Mine was delivered today, and I put it together..
Currently watching the DVD..


----------



## challagan (Feb 7, 2006)

The DVD is done very well and the instructions are very clear. Congrats Mike, enjoy it! 

corey


----------



## curiousgeorge (Nov 6, 2006)

Good deal Mike! I hope you have as much fun with it as I do with mine.


----------



## scrollwolf (Sep 12, 2004)

*Got mine yesterday*

My IncraJig arrived yesterday afternoon, I assembled it and I have watched the video, I hope to cut some joints tomorrow.

scrollwolf


----------



## curiousgeorge (Nov 6, 2006)

Be sure and post some pics.


----------



## AxlMyk (Jun 13, 2006)

Used some scrap 1/2" baltic birch ply to build a box.. Figure I'll use it to store a pile of misc. drills I have stuffed in a drawer.. Used a 1/4" bit to rout a groove in the bottom for a piece of masonite..
Excuse the blurry pic.. Got a cheap ($20) digital cam and am trying it out..


----------



## challagan (Feb 7, 2006)

Scrollwolf, is yours mounted on the Oak Park set up?

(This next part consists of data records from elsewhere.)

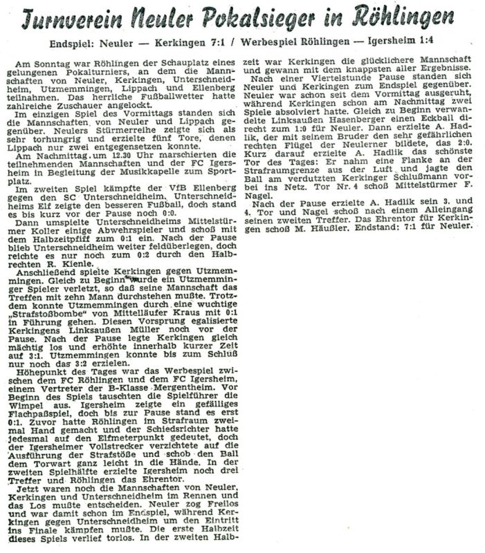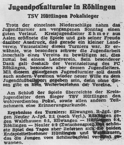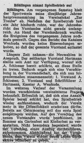 Als 2. Vorsitzender rückt Georg Gösele nach, und Jakob Epacher wird Jugendleiter. Ansonsten bleibt die Zusammensetzung des Ausschusses unverändert. Beim Pokaltumier, an dem sich sechs Mannschaften beteiligen, wird der TV Neuler Pokalsieger. Ein Werbespiel zwischen Röhlingen und dem FC Igersheim geht mit 4:1 für den Gastgeber verloren.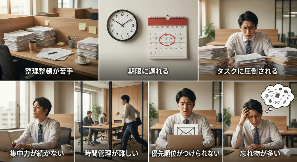ADHDの方が「仕事ができない」と感じる場面には、特性ごとに共通するパターンがあります。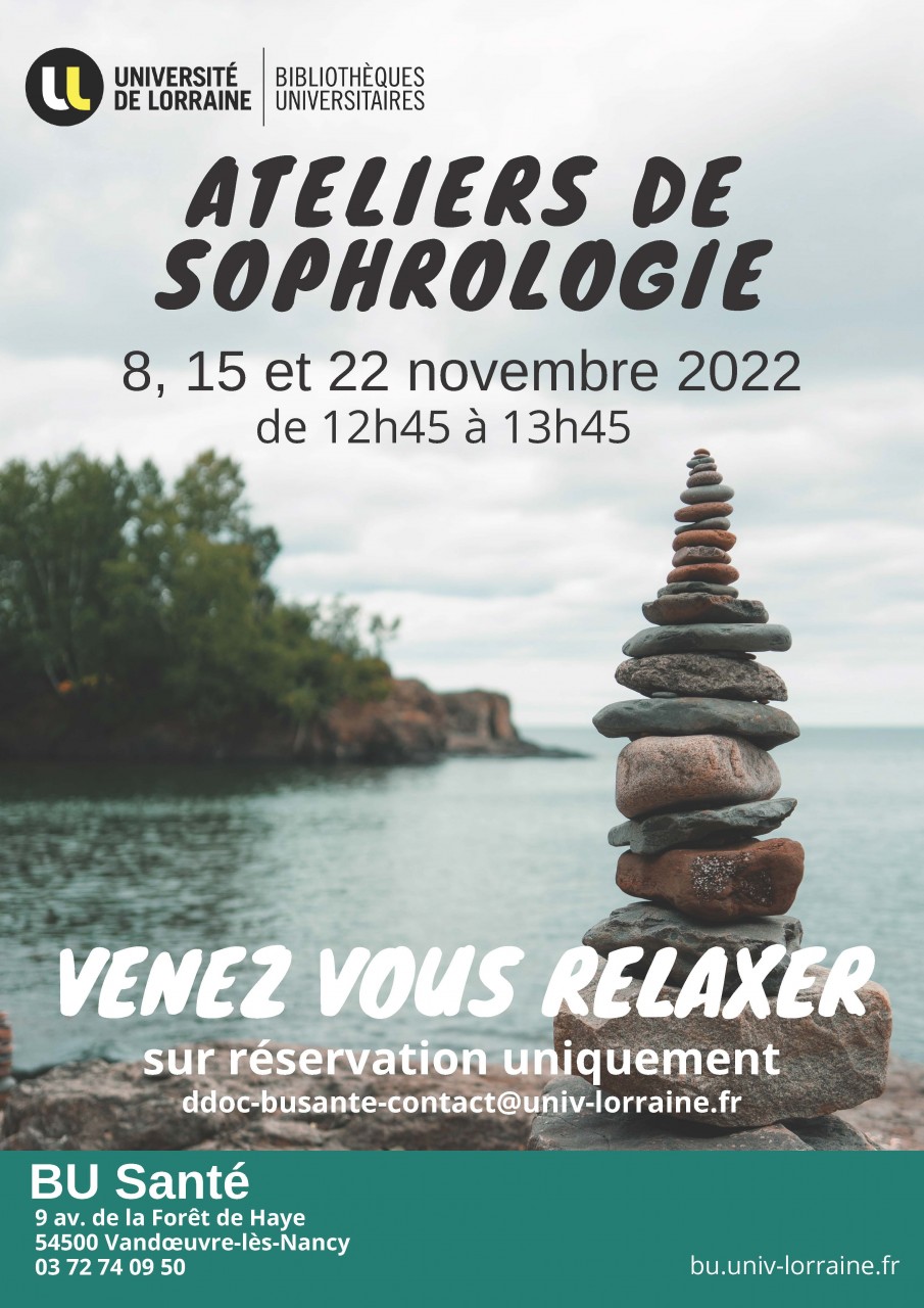 En partenariat avec le SUMPPS (Service Universitaire de Médecine Préventive et de Promotion de la Santé), la bibliothèque universitaire de Santé vous propose des ateliers de découverte de la sophrologie les mardis 8, 15 et 22 novembre 2022, de 12h45 à 13h45.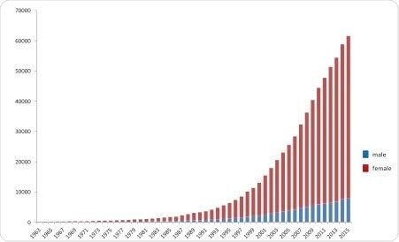 Centenarians in Japan between 1963 and 2015.
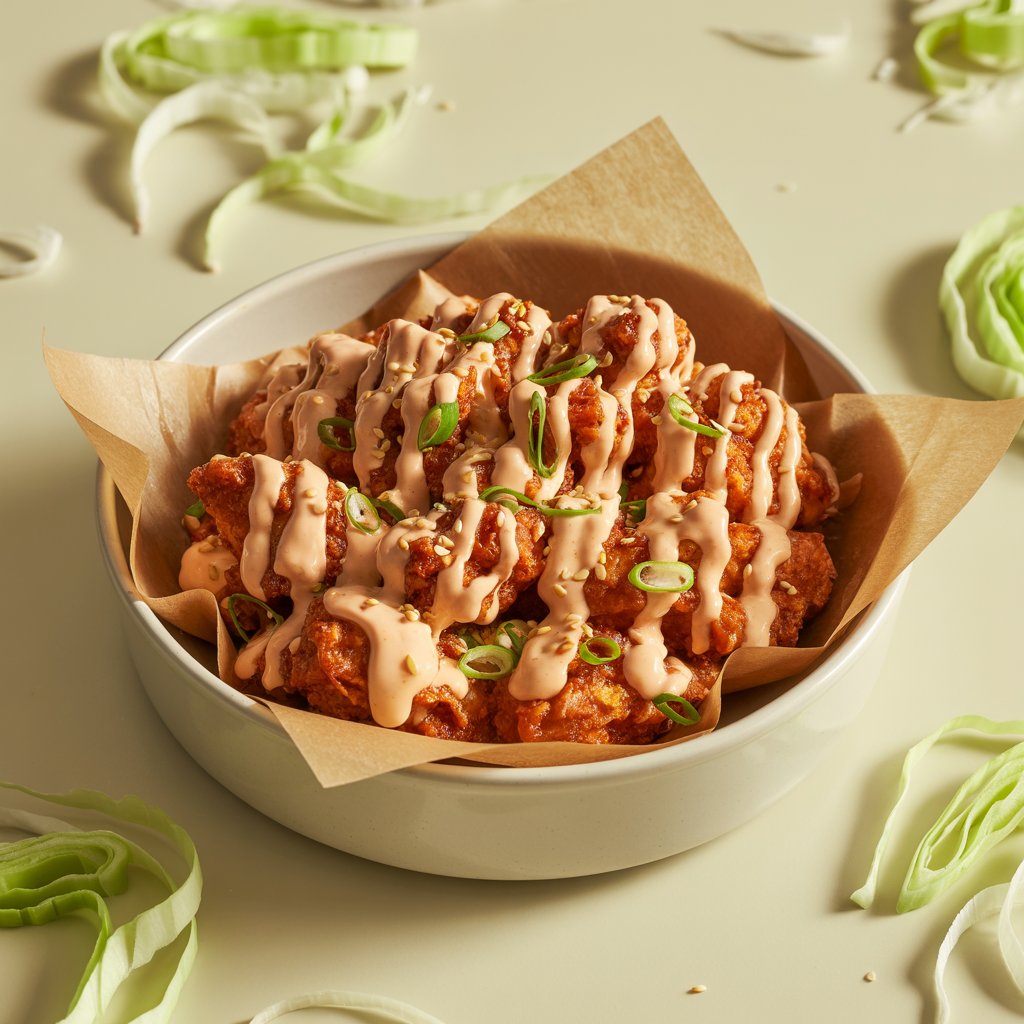 - Drizzle the bang bang sauce over the freshly fried chicken or serve on the side for dipping.
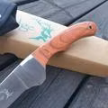 Kniven levereras med en slitstark svart nylonslida för säker förvaring – perfekt för jaktväskan eller fisketuren.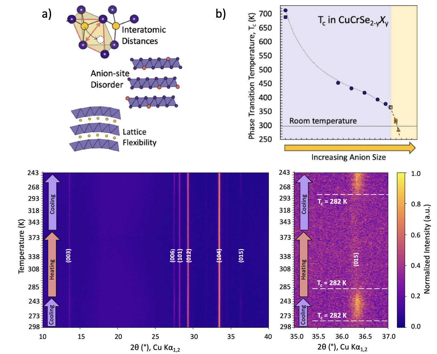 Paper: Controlling the Order–Disorder Transition Temperature through Anion Substitution in CuCrX2 (X= S, Se, Te). In CuCrSe2, substituting S or Te on the anion site shifts order–disorder transition, with Te reaching 282 K—the lowest for this structure. Structural and elastic data tie the trend to bond-length and lattice stiffness: larger anions expand distances and soften bonds, promoting cation disorder. This shows bonding-stiffness tuning by anion alloying can steer thermodynamics of order–disorder transitions in ionic conductors.

Looks good!

Corey


----------



## challagan (Feb 7, 2006)

Way to go Mike, looks great. 

Corey


----------



## Bob N (Oct 12, 2004)

Mine arrived and I just returned from a little trip. I hope to check it out tomorrow on my OP table.


----------



## scrollwolf (Sep 12, 2004)

Corey,
Yes it is on the Oak Park Table. I used a piece of MDF as a mounting board. I am planning to make some wood clamps and knobs to eliminate the other clamps shown in the picture. Knob type clamps will make for quicker and easier movement of the jig.

scrollwolf


----------



## challagan (Feb 7, 2006)

Thanks! It looks like it maybe time to make an Oak Park table  I think I will buy a top and build the case. Can't envision you clamping idea... Please post a photo Scrollwolf if you can. I was thinking of making the 9 inch board the jig is mounted to about an inch longer on each end and add a piece underneath the edge that rides along the outside edge of the table. Will still need clamps but it will slide back and forth like it has the slots as in the video. 

Corey


----------



## Bob N (Oct 12, 2004)

Corey,

This Bud's for you    :sold:


----------



## challagan (Feb 7, 2006)

Alright! Excellent...and thanks for posting the pics. I am going to order a OP top myself and do it right! Will work great with the Gifkin, of course the OP jigs and with the Incra... you got it all so I can't wait! Just got to decide on what I want under the hood... the big boy or the DW618  

Corey


----------



## Bob N (Oct 12, 2004)

618 gets better mileage


----------



## Bob N (Oct 12, 2004)

I wanted to revive this thread to let everyone know that I received my backordered template library, http://www.rockler.com/product.cfm?page=11496&cs=1 today from Rockler. This is a great item to have as accessory to this jig and I highly recommend picking it up if you can. Many template and project ideas are included and more scales to add to the jig itself to assist making all sorts of jointery.

:sold: :sold: :sold:


----------